Potency comparisons between PROZAC and CELEXA depend on the specific clinical indication. These are both SSRI Antidepressant agents and are not directly interchangeable by dose. A physician or clinical pharmacist should guide any therapeutic switching decisions.
The standard adult dose of PROZAC is: 20 mg orally once daily, initially; may increase to 40 mg once daily after several weeks; maximum 80 mg once daily.. The standard adult dose of CELEXA is: 20 mg orally once daily initially, may increase to 40 mg once daily after at least 1 week; maximum 40 mg/day.. Dosing should always be individualized based on indication, renal and hepatic function, age, and other patient factors.

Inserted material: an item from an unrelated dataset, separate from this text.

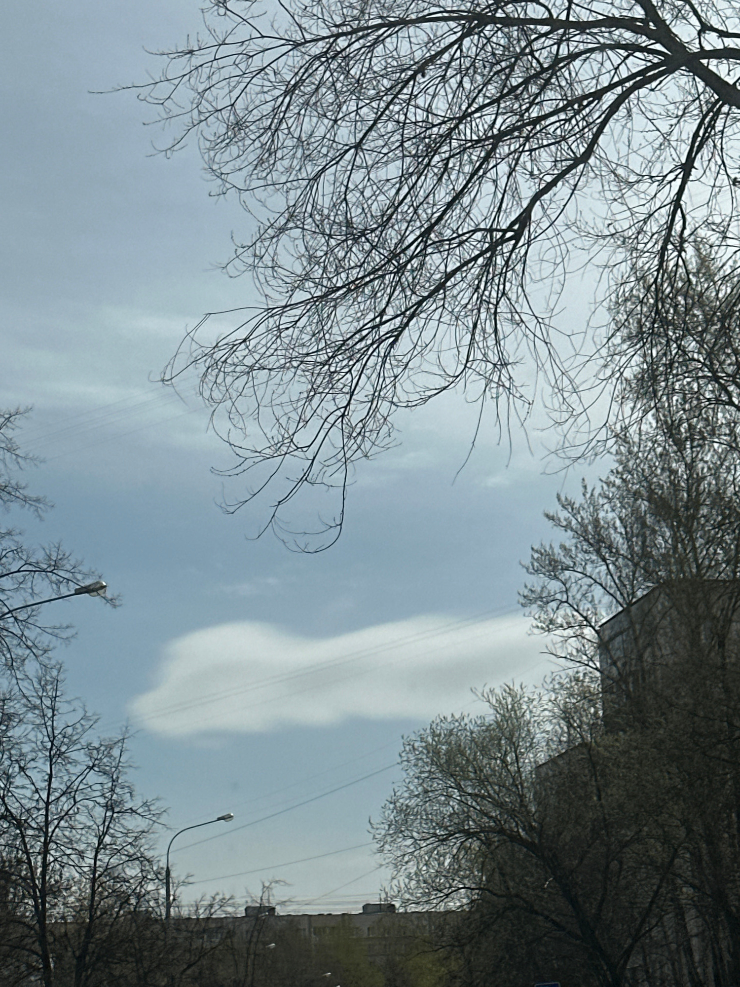 An upward-looking photograph captures a cloudy daytime sky framed by bare tree branches and urban structures in Moscow, Russia. The central area of the image is dominated by a light blue to greyish-bl…read more

No direct drug-drug interaction has been formally documented between PROZAC and CELEXA in current clinical databases. However, individual patient risk factors including other medications, organ function, and comorbidities should always be evaluated by a qualified healthcare provider.
The maternal-fetal safety profiles differ. PROZAC is classified as Category C. First trimester: Studies suggest a small increased risk of cardiovascular malformations, particularly ventricular septal defects, with relative risk approximately 1.5-1.7. Third tr. CELEXA is classified as Category C. First trimester: Data insufficient to definitively assess major malformation risk; some studies suggest small increased risk of cardiac defects (e.g., septal defects). Second/Third. Always consult a maternal-fetal medicine specialist before taking either drug during pregnancy or lactation.